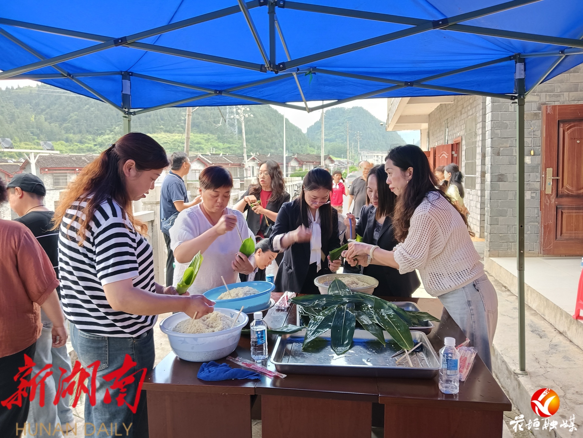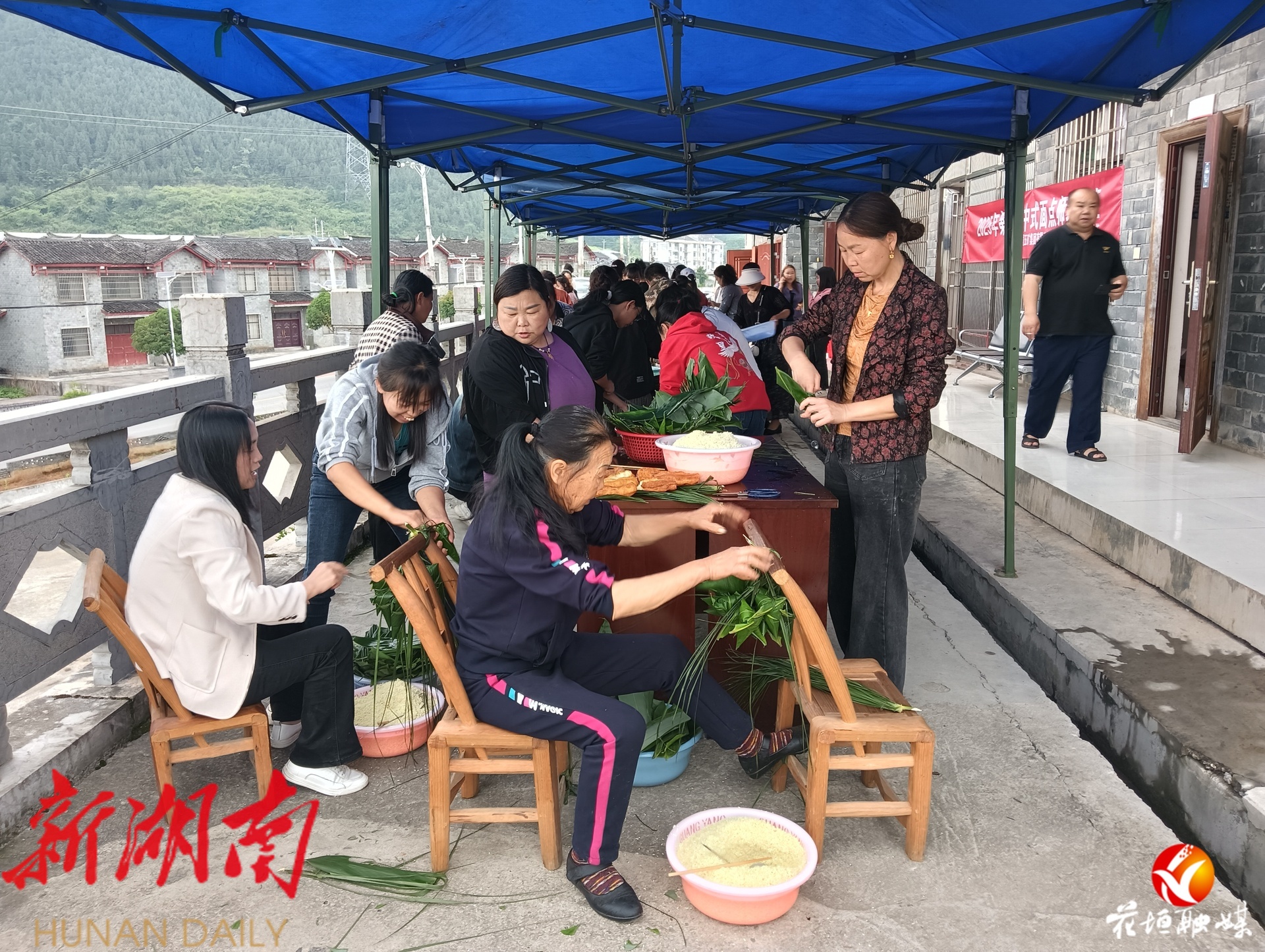 湖南日报·新湖南客户端5月31日讯(通讯员 石兴伦 吴茂银)端午佳节,粽子飘香。5月30日,花垣县发展和改革局与中国邮政储蓄银行花垣县支行组织全体干部来到龙潭镇祥和村易地搬迁安置区,与当地村民共同开展端午节主题活动。干部与群众一起参与诗歌朗诵、炸油条、包粽子等活动,在体验传统民俗节日氛围、促进民族团结中迎接端午佳节。
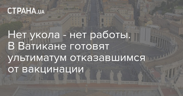 Администрация Ватикана заявила работникам о риске потерять должность в случае отказа от прививки против COVID-19 без уважительных причин.
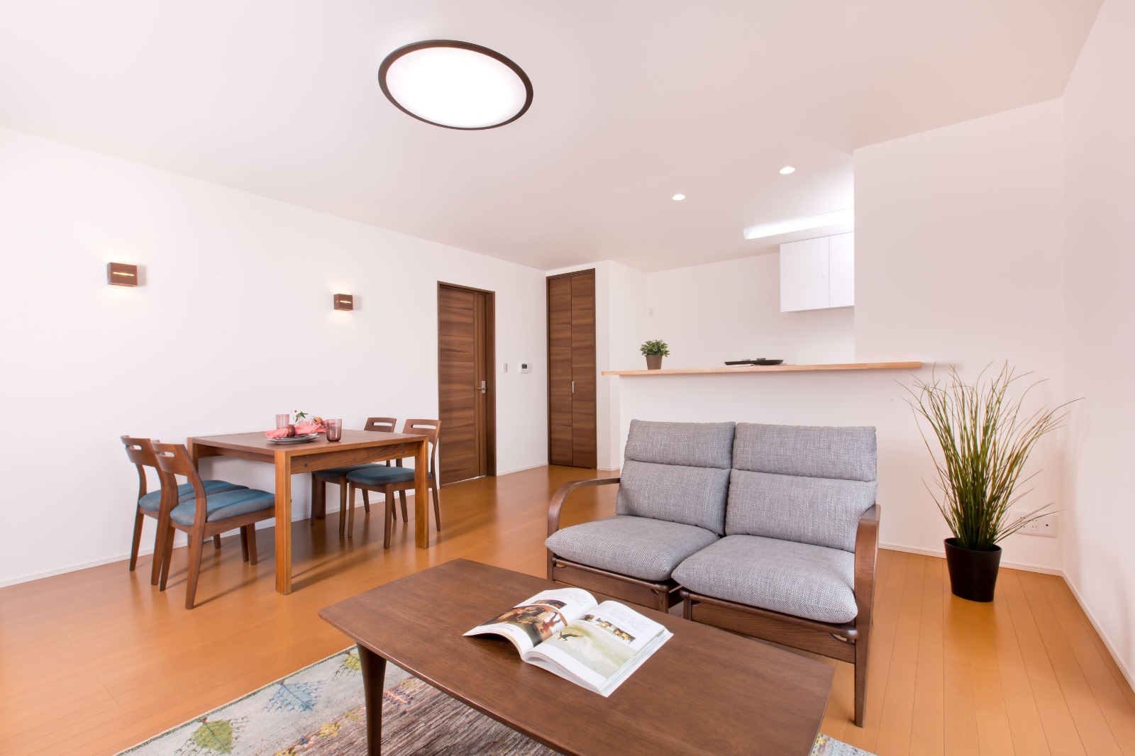 建てるなら、絶対に平屋と決めていたとAさん。空間を余すところなく、効率的に使うお住まいを叶えられました。壁面に取り付けたブラケットが生み出す間接照明で、夜はまた違った表情を見せてくれます。
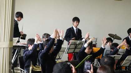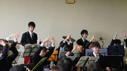 吹奏楽部は曲披露してくれました。 『乾杯』『ふるさと』『YMAC』どの曲も会場を盛り上げてくれました。
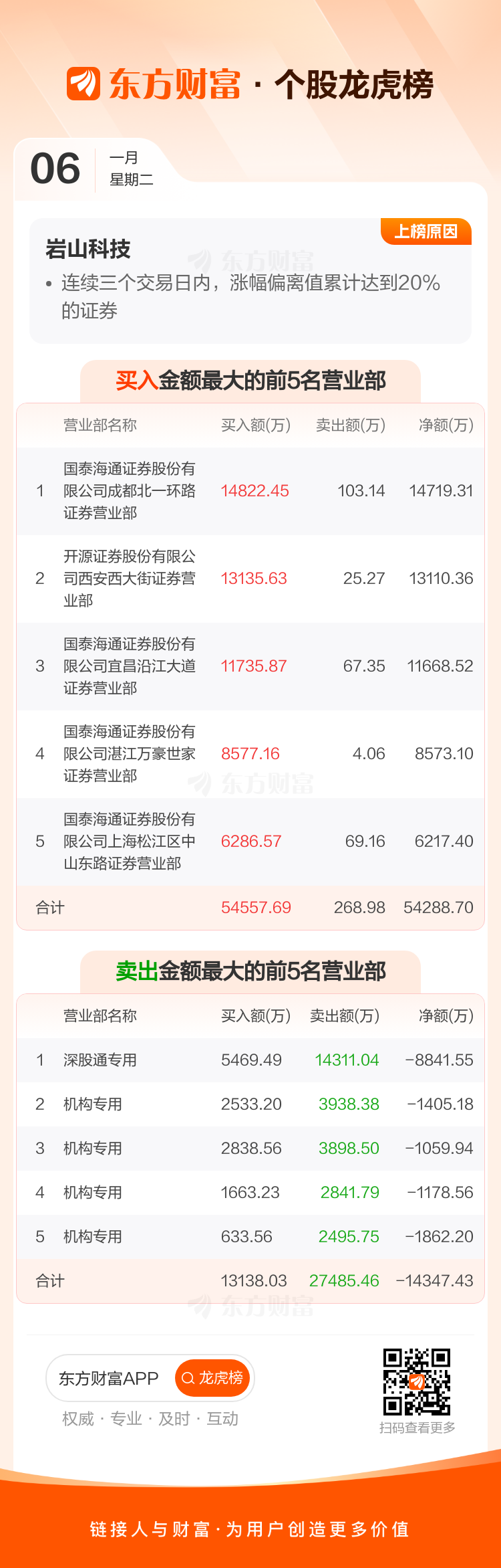 交易所2026年1月6日公布的交易公开信息显示,岩山科技因成为连续三个交易日内,涨幅偏离值累计达到20%的证券上榜。岩山科技当日收报8.58元,涨跌幅10.00%,换手率1.28%,成交额6.13亿。异常期间12月31日至1月6日,期间涨幅23.45%,累计偏离值20.34%,区间成交额34.03亿。

○ ○ ○ ○ ○ ○ ○

Exercise brief
Beginning with the line that holds "吹奏楽部は曲披露してくれまし", output each line to the end of the material above, exactly, omitting the pictures.

Task output
 吹奏楽部は曲披露してくれました。 『乾杯』『ふるさと』『YMAC』どの曲も会場を盛り上げてくれました。
 交易所2026年1月6日公布的交易公开信息显示,岩山科技因成为连续三个交易日内,涨幅偏离值累计达到20%的证券上榜。岩山科技当日收报8.58元,涨跌幅10.00%,换手率1.28%,成交额6.13亿。异常期间12月31日至1月6日,期间涨幅23.45%,累计偏离值20.34%,区间成交额34.03亿。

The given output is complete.